BEGIN

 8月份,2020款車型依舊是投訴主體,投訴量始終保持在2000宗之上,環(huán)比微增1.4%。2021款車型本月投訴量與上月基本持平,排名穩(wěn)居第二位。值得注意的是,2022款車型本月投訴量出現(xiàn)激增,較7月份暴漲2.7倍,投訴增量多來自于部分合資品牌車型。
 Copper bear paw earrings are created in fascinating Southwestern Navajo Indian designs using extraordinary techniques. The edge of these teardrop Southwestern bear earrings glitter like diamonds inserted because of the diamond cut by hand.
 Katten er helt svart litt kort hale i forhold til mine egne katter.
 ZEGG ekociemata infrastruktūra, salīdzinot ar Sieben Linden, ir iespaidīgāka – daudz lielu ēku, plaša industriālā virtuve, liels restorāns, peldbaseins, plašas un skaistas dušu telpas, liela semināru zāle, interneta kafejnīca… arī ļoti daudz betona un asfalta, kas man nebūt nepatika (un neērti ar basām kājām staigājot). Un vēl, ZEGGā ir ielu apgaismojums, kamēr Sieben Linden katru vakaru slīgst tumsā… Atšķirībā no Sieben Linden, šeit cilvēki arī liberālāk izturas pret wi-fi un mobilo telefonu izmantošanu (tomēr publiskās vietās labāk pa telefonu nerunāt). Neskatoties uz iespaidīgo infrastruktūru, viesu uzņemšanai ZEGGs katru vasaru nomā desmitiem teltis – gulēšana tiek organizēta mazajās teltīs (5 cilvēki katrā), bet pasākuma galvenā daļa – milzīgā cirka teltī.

END
BEGIN

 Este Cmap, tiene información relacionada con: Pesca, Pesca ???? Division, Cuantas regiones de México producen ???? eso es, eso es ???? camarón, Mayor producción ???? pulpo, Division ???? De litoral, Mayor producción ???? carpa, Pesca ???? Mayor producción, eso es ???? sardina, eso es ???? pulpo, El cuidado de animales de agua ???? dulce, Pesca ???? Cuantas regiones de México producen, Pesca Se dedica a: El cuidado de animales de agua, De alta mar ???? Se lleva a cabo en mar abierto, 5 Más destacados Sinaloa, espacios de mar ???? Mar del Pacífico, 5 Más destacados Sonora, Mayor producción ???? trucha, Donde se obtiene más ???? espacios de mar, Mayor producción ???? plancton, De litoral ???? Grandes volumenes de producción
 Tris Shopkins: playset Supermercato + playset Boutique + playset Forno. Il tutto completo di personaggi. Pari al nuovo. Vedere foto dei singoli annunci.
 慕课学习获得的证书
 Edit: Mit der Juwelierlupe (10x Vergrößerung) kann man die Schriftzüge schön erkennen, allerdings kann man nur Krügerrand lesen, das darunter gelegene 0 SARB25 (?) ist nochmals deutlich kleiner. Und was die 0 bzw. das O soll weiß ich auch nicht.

END

## EXERCISE PROMPT
Set down again, word for word, the stretch of records from the line with "8月份,2020款車型依舊是" to the line with "Katten er helt", both of those lines included.

## WRITTEN RESPONSE
 8月份,2020款車型依舊是投訴主體,投訴量始終保持在2000宗之上,環(huán)比微增1.4%。2021款車型本月投訴量與上月基本持平,排名穩(wěn)居第二位。值得注意的是,2022款車型本月投訴量出現(xiàn)激增,較7月份暴漲2.7倍,投訴增量多來自于部分合資品牌車型。
 Copper bear paw earrings are created in fascinating Southwestern Navajo Indian designs using extraordinary techniques. The edge of these teardrop Southwestern bear earrings glitter like diamonds inserted because of the diamond cut by hand.
 Katten er helt svart litt kort hale i forhold til mine egne katter.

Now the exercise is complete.